Os impactos da austeridade já se fazem sentir no sistema educativo, com uma procura acrescida de escolas públicas por parte de alunos que frequentavam, até aqui, colégios privados. Como assinala a jornalista Andrea Cunha Freitas, em artigo do Público, «os encarregados de educação procuraram sobretudo as escolas públicas em lugares cimeiros do ranking publicado todos os anos pelo Ministério da Educação».
As dificuldades das escolas (particularmente das «melhores escolas» de cidades como Lisboa, Porto e Coimbra) em acolher o aumento anómalo do número de pedidos de matrícula - encaminhando muitos deles para as «segundas escolhas» - é reveladora de alguns aspectos que vale a pena assinalar.

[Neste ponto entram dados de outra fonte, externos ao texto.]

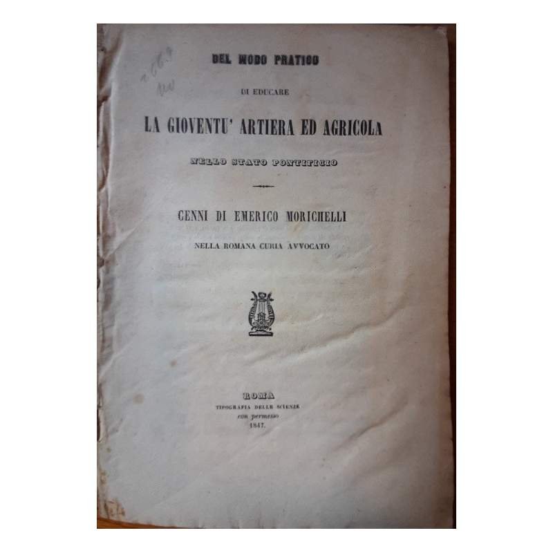 DEL MODO PRATICO DI EDUCARE LA GIOVENTU' ARTIERA ED AGRICOLA NELLO STATO PONTIFICIO(1847) | Libri antichi e moderni | Morichelli Emerico(cenni di-nella Romana Curia Avvocato)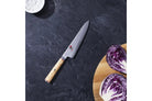 Japanska knivar är inte bara vassa, de är också estetiskt tilltalande köksredskap som inte bör fattas i din knivsamling. Denna shotoh i serien 5 MCD från MIYABI skär med sitt 14 cm långa blad korv, ost och grönsaker i perfekta skivor. Men MIYABI 5 MCD Shotoh låter dig också skära kött och fisk i mindre bitar. Kniven består av en högkvalitativ kärna av MicroCarbide-pulverstål MC63, omgiven av ett lager stål. Varje blad får den ett unikt “Flower-damaskmönster”. Varje Shotoo slipas i Seki, Japan med den klassiska Honbazuke-slipen, vilket ger en extra skärpa som får kniven att utan problem glida genom ingredienserna. Dessuomt härdas CRYODUR-bladet i en specialutvecklad process. Förutom det unikt mönstrade bladet är även handtaget i bästa masurbjörk något alldeles extra: Det är inte bara ådringen som drar blickarna till sig – trähandtaget får sin perfektion med ett snyggt mosaikstift.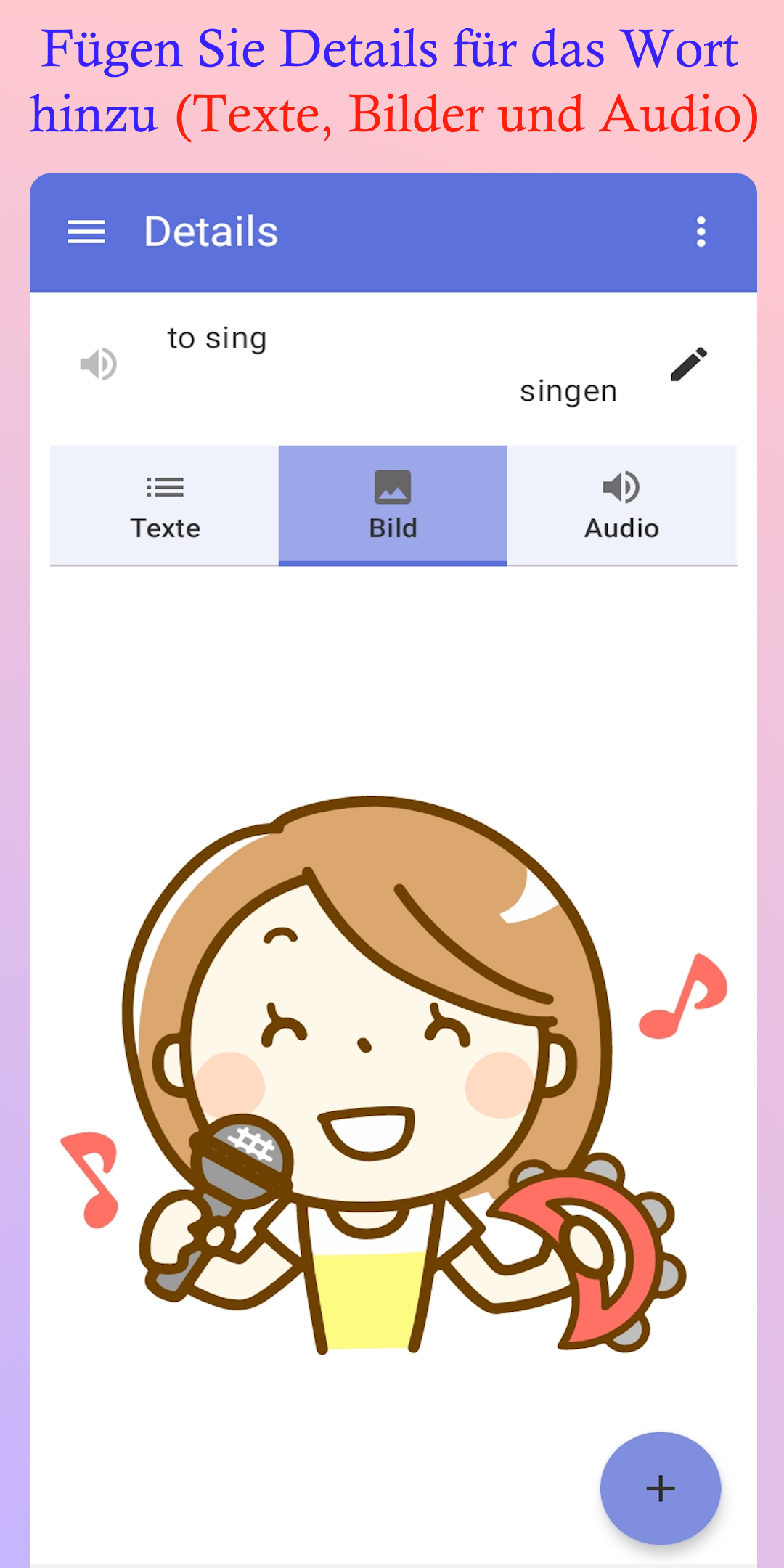 - den hinzugefügten Wörtern verschiedene Texte zuordnen (Definition, Konjugation, Deklinationen, Beispiele, etc.)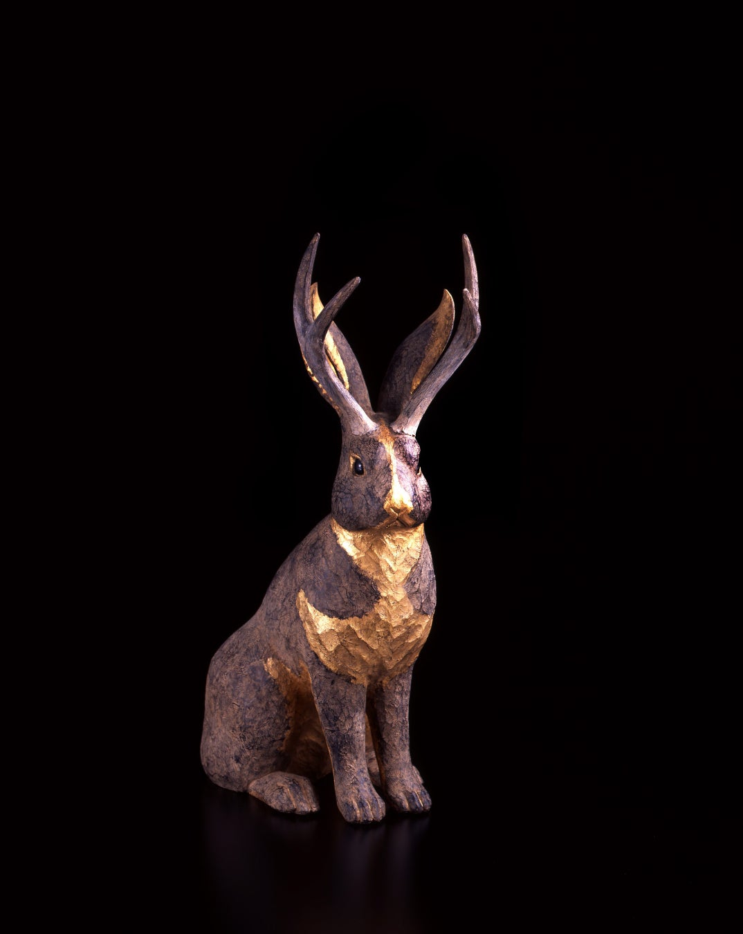 彫刻家・大森暁生は、主に木と金属を素材に、実在するものから架空のものまで命あるものをモチーフに制作しています。その彫刻は、霊気を帯びているかのように神秘的で、今にも動き出しそうなほどリアルです。本展では、大学の卒業制作を含めた初期作品から始まり、熊本市動物愛護センターを取材し制作した意欲作、大森暁生の代表作の一つである家具とモチーフを合わせた木彫作品や、幻想的な「in the frame」シリーズなど、作家の世界観を代表する作品約50点を展示、そこに作家が今までに紡ぎだしてきた言葉を作品と合わせて展覧いたします。

Por um lado, a negligência persistente do Ministério da Educação para com o cumprimento efectivo da letra da lei, isto é, do despacho que determina os critérios de matrícula segundo a área de influência de cada escola, permitindo que os pais accionem expedientes diversos para a contornar. O «esquema» mais frequente é a designação, como encarregado de educação, de um residente na área do estabelecimneto de ensino pretendido (tendo sido já registadas situações em que a mesma pessoa era encarregada de educação de cinco alunos da mesma escola, sem qualquer relação de parentesco entre eles).
Por outro, esta situação vem mostrar como são irrealistas as teorias tendentes à implementação do princípio da liberdade de escolha do estabelecimento de ensino pelos alunos e suas famílias, ao confrontar o idealismo dessas propostas com a capacidade naturalmente limitada das escolas para acolher todos os que as pretendem frequentar. Com a agravante (essa sim, bem realista), de os pais com maior capacidade de influência ou de mobilização de «recursos relacionais» conseguirem vencer a competição pela disputa das vagas existentes nas escolas mais procuradas.
Por último, esta tendência de abandono do ensino privado, em resultado da degradação da situação financeira das famílias, carece ainda de confirmação estatística. Contudo, a verificar-se (como tudo indica), suscitará muito provavelmente o recrudescer da pressão parasitária das escolas privadas junto do governo, tendo em vista a implementação do famigerado «cheque-ensino».
Subscrever:
Enviar feedback (Atom)
5 comentários:
Nuno Serra:
Na mouche.
Você devia passar este Post ao casmurro Henrique Monteiro, antigo director do «Expresso», e ao safado José Manuel Fernandes, antigo director do «Público», com os quais discuti muito por e-mail a partir de artigos seus sobre a famigerada liberdade de escolha e o não menos famigerado cheque-ensino.
Às tantas canse-me, tal eram a casmurrice e a safadeza.
Só a realidade os poderá convencer do contrário do que pensam, e os efeitos perversos já se começam a fazer sentir, como muito bem assinala.
Correcção: «Às tantas cansei-me...»
Caro Manuel,
Junte a essa «dupla», que muito bem identifica, a Helena Matos.
Se reparar, estes defensores do «cheque-ensino» nunca vão além da defesa da ideia nos seus contornos mais teóricos (potenciando assim a sedução aparente que a mesma encerra). Por mais que os instemos, como fez, a descer à sua concretização e ao confronto com as contradições que imediatamente emergem.
Caro Nuno:
Essa quase não conta, não passa de um ventríloquo acoplado a uma vela de moinho, articula o discurso que o vento lhe traz, de acordo com a direcção que este tiver em cada momento. Só é perigosa porque tem acesso aos «media».
Há outros, como é evidente, o Papa Adão da Fonseca, o próprio Crato antes de ser ministro (agora não sei, o princípio da realidade é muito forte), o Papa «neocon» J. C. Espada, etc. etc.
É o ar dos tempos.
Interessante esta consequência da austeridade...também estou à espera de ver o trabalho infantil aumentar. Já há números?